Wednesday, July 18, 2007

Networking

The Book I Write's own Kath Weems mentioned to me last night that she was watching one of my favorite movies: Network. I got to thinking today that Network's oft quoted line "I'm as mad as hell and I'm not going to take it anymore" evokes in me a sense of bittersweet nostalgia. Bear in mind I wasn't alive during our nation's more politically charged decades, but culling what I can from various newsreels, accounts, even the fiction of America's past paints a strikingly different picture of this country's willpower, its drive, its purpose. While reading People's History of the United States, you come across tales of workers' rebellions, fights for equality, demonstrations of our collective need to have our voices heard. From the perspective of a 21st century human, all of that conviction seems futile and quaint. Really? In America? Citizens giving a shit? Impossible.

And this loss of conviction among the masses isn't a result of a loss of power. The same forces who ruled the populous from America's inception are still present and they're still scared of that body's potential to coagulate and grow.

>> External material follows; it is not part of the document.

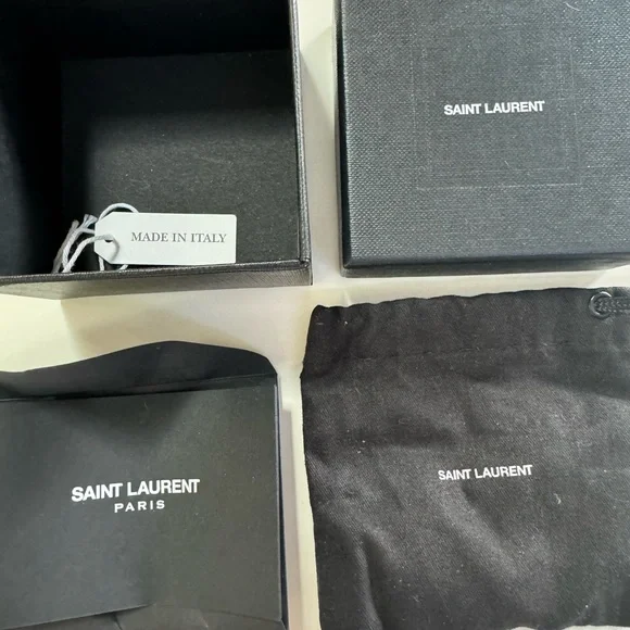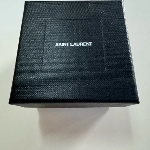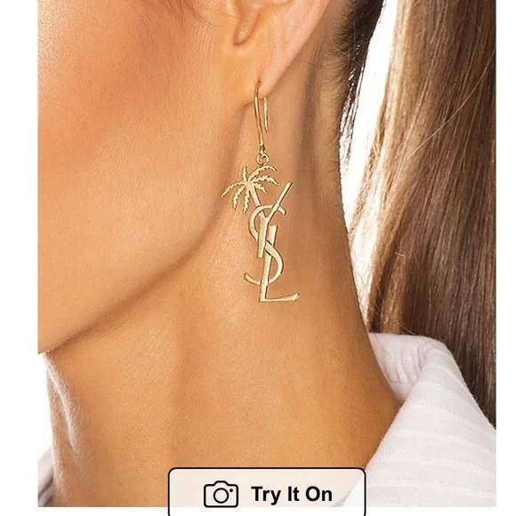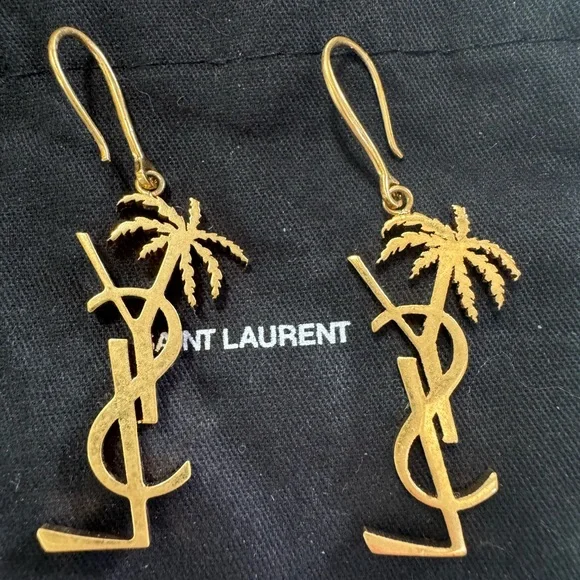 Elegant gold earrings featuring the iconic Saint Laurent logo with palm tree design.
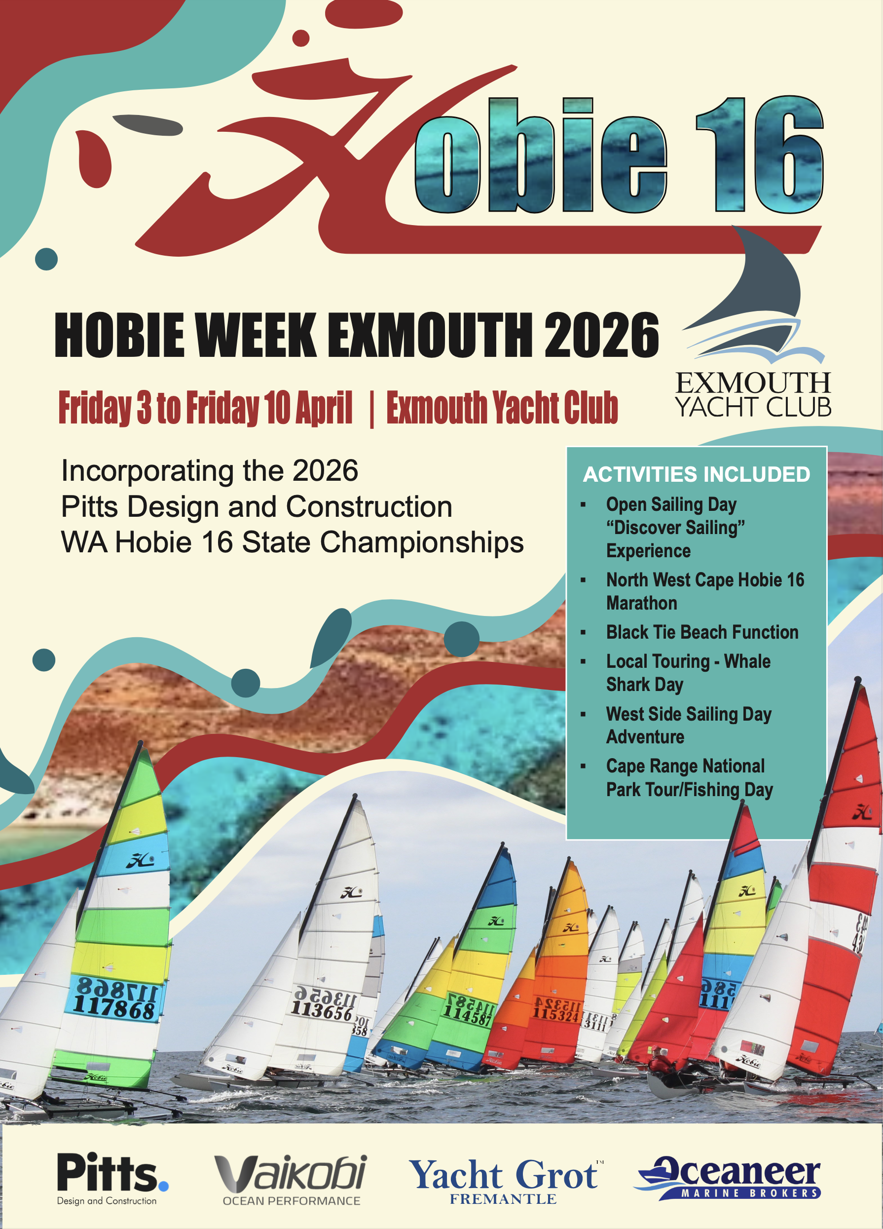 - Saturday 4 and Sunday 5 April – Pitts Design and Construction WA Hobie 16 State Championships.

Unfortunately they've gotten adept at diffusing and diluting the frustration and energy of the people. Why should I care about my fellow man when I have a flat screen TV? Why should I pay extra taxes for national health care so some deadbeat can prosper from my obligatory charity? All I want to do is go to work, go home, turn on the game and have a beer. And the minute, opiate net of distraction tightens its plush leather hold all the while whispering the incessant mantra of fearmongers and kings into your ear. Everything's ok inside the net.

There used to be a time that when we were getting fucked, we'd get angry. And we'd unite. In a country where everything's been bought and sold since the beginning and the voice of the people probably didn't really matter anyway, the ability to unite was our only power. People would DIE rather than suffer mistreatment. This no longer applies to the modern American. When the government unzips his trousers and fires that expectant glare in our direction, we bend ourselves over the bed and take what's coming to us. Because that's how we keep our plasma TV. That's how we maintain that modest income. That's how we insure our own safety in a country we've been told is filled with danger and sin.

With that in mind, I give you a snippet of Howard Beale's speech from Network. This was 31 years ago. As George Carlin says, "When's this shit going to end? When's this shit going to go away?":

I don't have to tell you things are bad. Everybody knows things are bad. It's a depression. Everybody's out of work or scared of losing their job. The dollar buys a nickel's work, banks are going bust, shopkeepers keep a gun under the counter. Punks are running wild in the street and there's nobody anywhere who seems to know what to do, and there's no end to it. We know the air is unfit to breathe and our food is unfit to eat, and we sit watching our TV's while some local newscaster tells us that today we had fifteen homicides and sixty-three violent crimes, as if that's the way it's supposed to be. We know things are bad - worse than bad. They're crazy. It's like everything everywhere is going crazy, so we don't go out anymore. We sit in the house, and slowly the world we are living in is getting smaller, and all we say is, 'Please, at least leave us alone in our living rooms. Let me have my toaster and my TV and my steel-belted radials and I won't say anything. Just leave us alone.' Well, I'm not gonna leave you alone. I want you to get mad! I don't want you to protest. I don't want you to riot - I don't want you to write to your congressman because I wouldn't know what to tell you to write. I don't know what to do about the depression and the inflation and the Russians and the crime in the street. All I know is that first you've got to get mad.

You've got to say, 'I'm a HUMAN BEING, Goddamnit! My life has VALUE!' So I want you to get up now. I want all of you to get up out of your chairs. I want you to get up right now and go to the window. Open it, and stick your head out, and yell,

'I'M AS MAD AS HELL, AND I'M NOT GOING TO TAKE THIS ANYMORE!'

2 comments:

Kath said...

Well done, Gforce.

Sunnie said...

I completely agree. The apathy of our fellow Americans is appalling.